Untuk memperingati momennya, beberapa orang membagikan permen. Beberapa orang melambaikan tanda kemenangan pada fotografer yang lewat. Sejumlah anak kecil memimpin nyanyian perayaan. “Kanan atau kiri, utara yang terbaik,” mereka menyanyikan. “Ke utara kita pergi!”
Ada begitu banyak orang yang mencoba pergi sehingga menjadi sulit untuk berjalan melalui pusat kota Deir al Balah, pusat bagi warga Gaza yang terdislokasi. Keluarga demi keluarga sedang membongkar tenda dan mengemas barang-barang ke dalam kantong plastik. Beberapa orang mengangkat tabung gas ke punggung mereka. Seorang pria memasang roda pada kotak plastik, menjadikannya kereta dorong darurat untuk bayinya.

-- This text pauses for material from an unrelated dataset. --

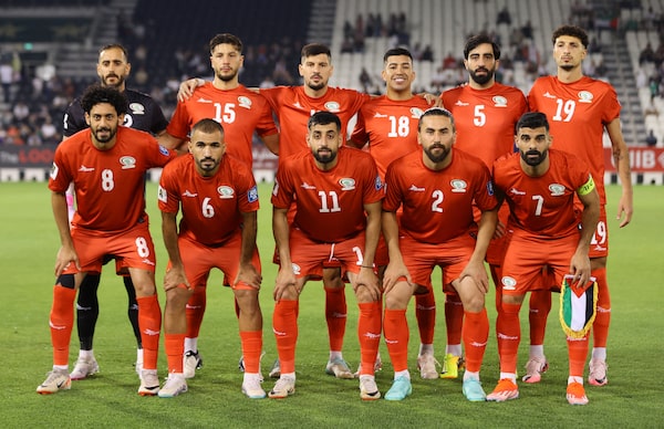 Palestinian players pose for a team group photo before a World Cup qualifying match against Lebanon, in Doha, Qatar, on June 6.Ibraheem Al Omari/Reuters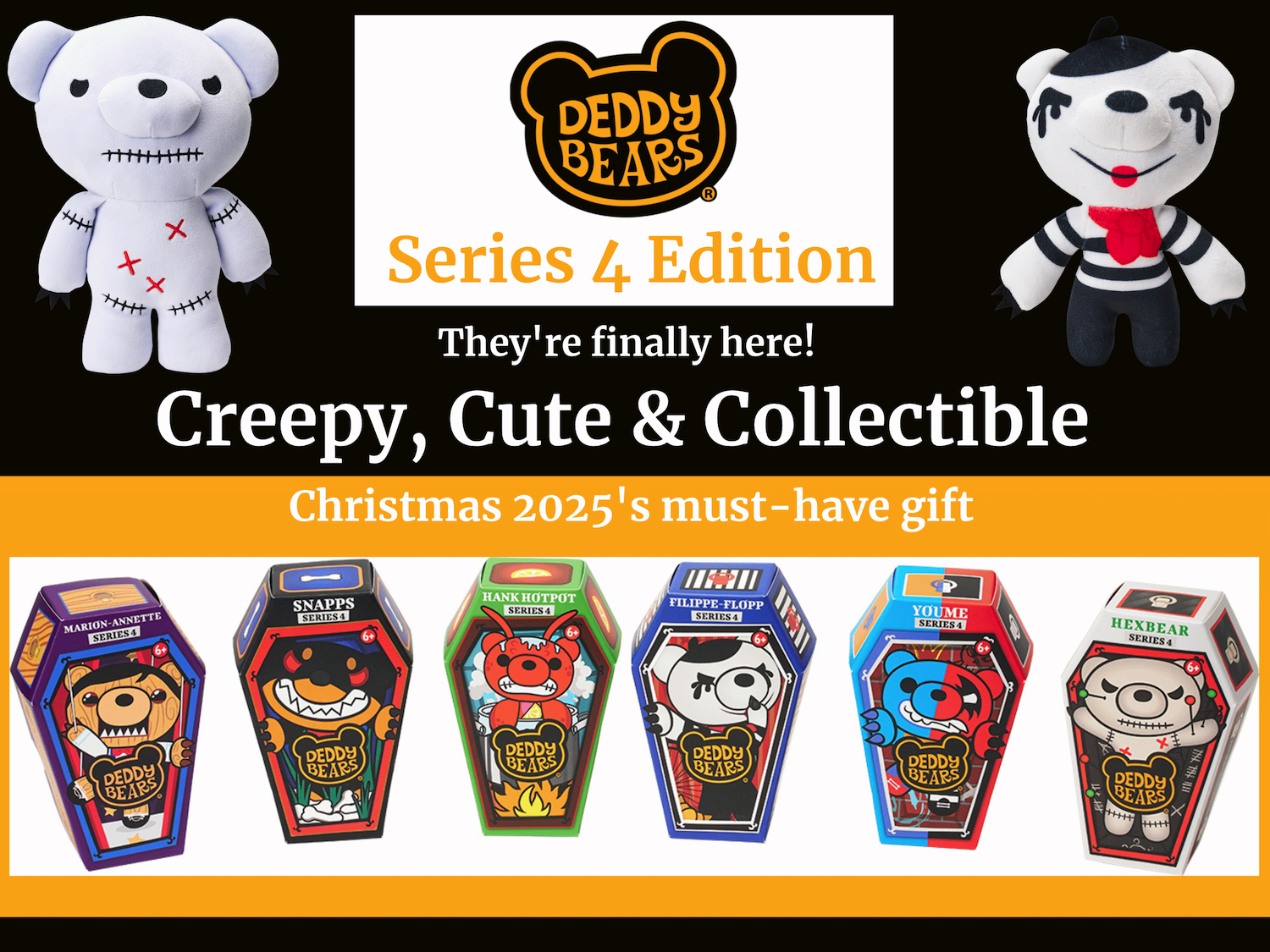 Series 4 introduces six new characters, each with their own quirky, slightly spooky charm. From eerie-eyed bears to adorably odd plushies, these toys encourage kids to embrace differences and dive into imaginative storytelling.

Saat mereka berjalan, mereka membayangkan kegembiraan saat bertemu kembali dengan kerabat yang telah mengabaikan perintah evakuasi Israel dan tinggal di utara pada awal perang.

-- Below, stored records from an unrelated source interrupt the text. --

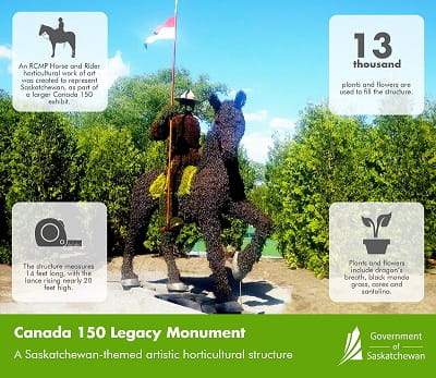 The Saskatchewan-themed work of art is a depiction of a Royal Canadian Mounted Police (RCMP) Officer dressed in Red Serge, on a horse. The structures were designed to reflect the values, culture and arts associated with each Canadian province and territory.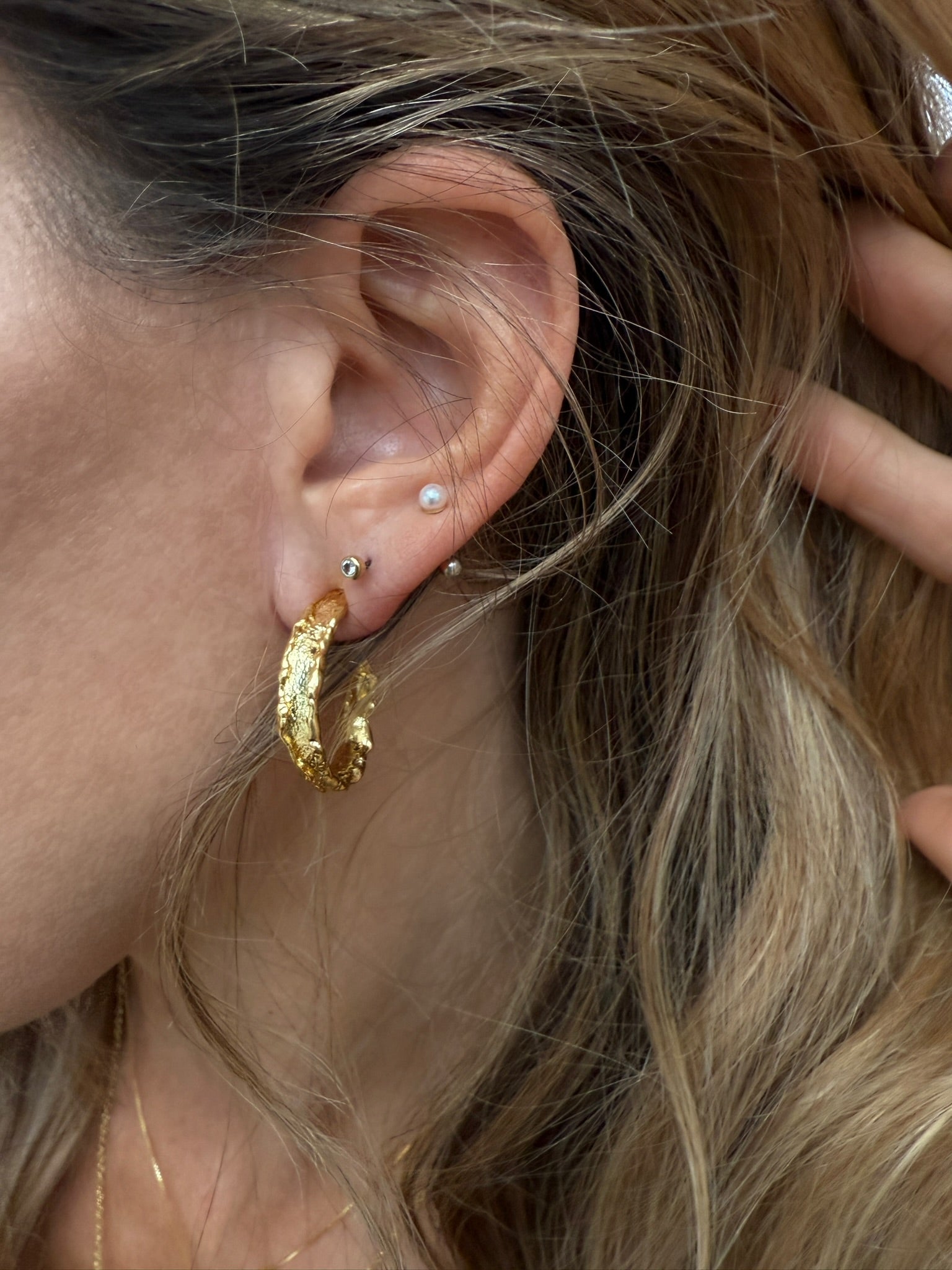 Carmen hoops fra Andcopenhagen har en karakteristisk snoet form med tekstureret overflade, der skaber et dynamisk spil med lyset. Øreringene er store i størrelsen og nemme at style til både hverdag og fest.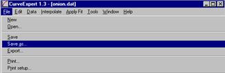In situatiile in care valorile coordonatelor punctelor experimentale au fost introduse manual sau au fost citite dintr-un fisier de date si apoi au fost modificate, utilizatorul poate opta pentru salvarea noilor valori intr-un fisier de date nou sau in unul deja existent, prin alegerea comenzilor Save sau Save as . din submeniul File al meniului ferestrei principale a programului (figura 2.7). |

“Pertama-tama saya akan memeluk ibu saya di tempat perlindungannya,” kata Anwar Abu Hindi, 41 tahun, seorang ibu rumah tangga yang menuju ke utara dengan beberapa anak. “Emosi kami berada di mana-mana.”
Tetapi di tengah euforia, ada beberapa catatan kehati-hatian dan frustrasi. Untuk mulai, orang-orang yang menuju ke utara dengan mobil, melalui jalan raya pedalaman, mengalami kemacetan lalu lintas yang panjang; kontraktor keamanan swasta sedang memeriksa kendaraan yang menuju ke utara, membuat mobil melambat.

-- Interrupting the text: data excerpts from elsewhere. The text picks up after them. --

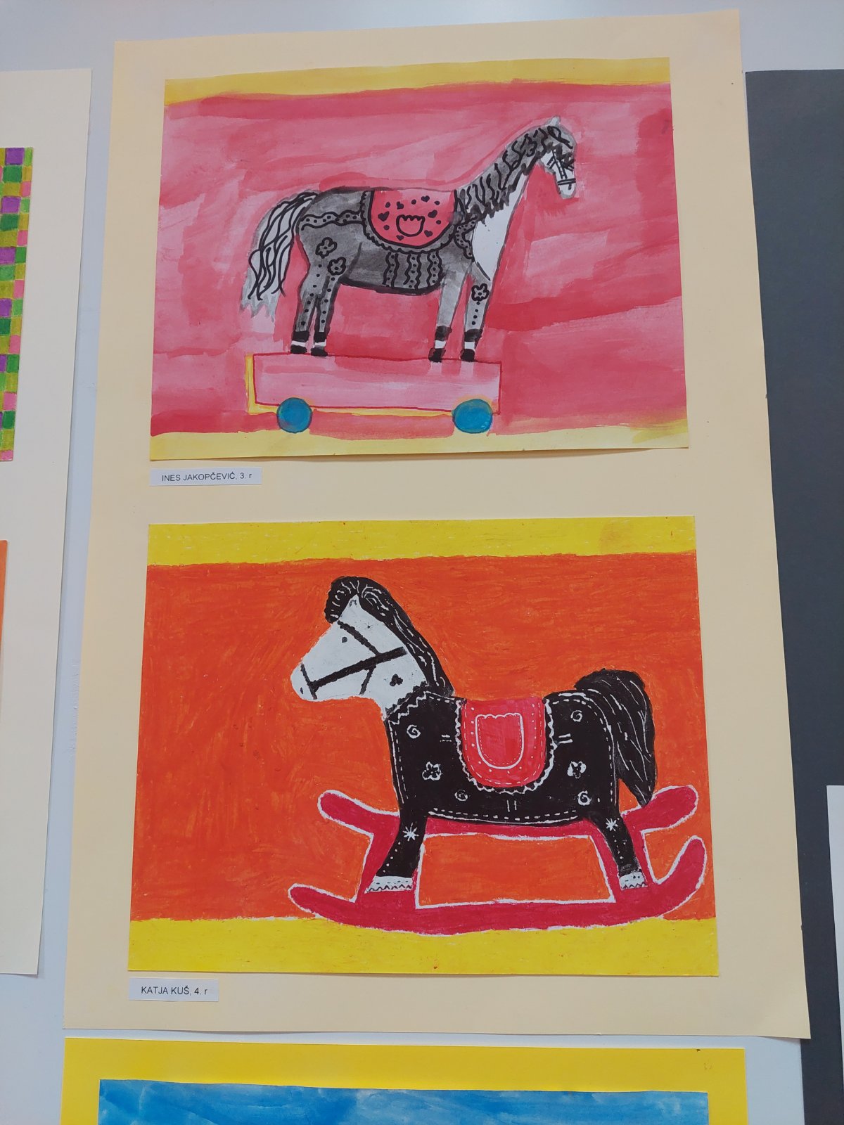 Prošle školske godine „boravkaši“ su odlučili sudjelovati na natječaju za Izložbu dječjih likovnih radova u Krapini. Teme su bile: zagorski pejzaž, licitari i tradicijske dječje igračke. Odlučili smo se posvetiti licitarima i tradicijskim igračkama. Proučavajući ih upoznali smo dio kajkavske baštine i uživali u tome. Nakon istraživanja prepustili smo se mašti i krenuli u stvaranje likovnih radova od kojih je većina nastala u tehnici grataž koja je učenicima bila nova i zanimljiva pa su odlučili svoj rad napraviti baš u toj tehnici. Uživali smo i dali sve od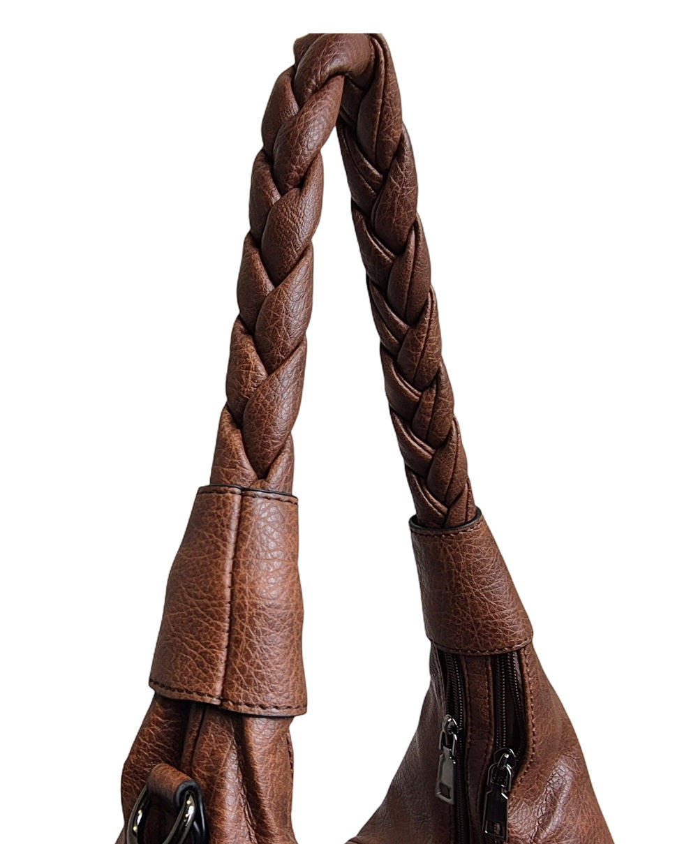 Crafted from rich, textured faux leather, this cream hobo handbag offers a blend of style and practicality. Its spacious interior and front zip pocket provide easy organization, while the braided shoulder strap adds a unique touch. Perfect for everyday use, it pairs effortlessly with both casual and polished outfits.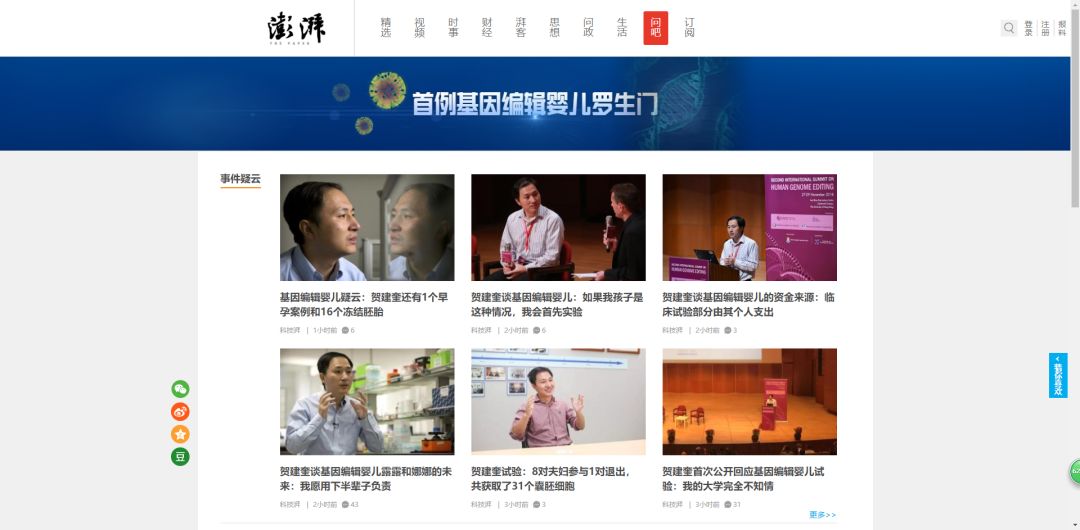澎湃新闻在官方网站开设“首例基因编辑婴儿罗生门”专题,下设“事件疑云”、“伦理争议”、“利益相关方”三个版块,为读者提供了更全面的解读视角。

Dan banyak yang takut dengan apa yang menunggu mereka ketika mereka tiba. Gaza Utara telah menjadi tanah tandus, setelah serangan udara Israel yang intens dan penghancuran militer terhadap puluhan bangunan, banyak di antaranya telah dipasangi jebakan dan bahan peledak oleh Hamas. Dalam beberapa bulan terakhir, pertempuran sengit antara Israel dan Hamas, yang berlanjut hingga dimulainya gencatan senjata bulan ini, menyebabkan kerusakan yang sangat luas di utara Kota Gaza.
Banyak dari mereka yang kembali pada hari Senin tidak tahu apakah rumah mereka masih berdiri.
“Syukurlah kita selamat dari perang ini,” kata Shorouq al-Qur, 27 tahun, lulusan hukum yang kembali ke Kota Gaza. Tapi, katanya, “tidak peduli di mana kita menemukan perlindungan, apakah di sini atau di sana, tetap saja hidup di tenda, dikelilingi oleh kehancuran dan kesedihan.”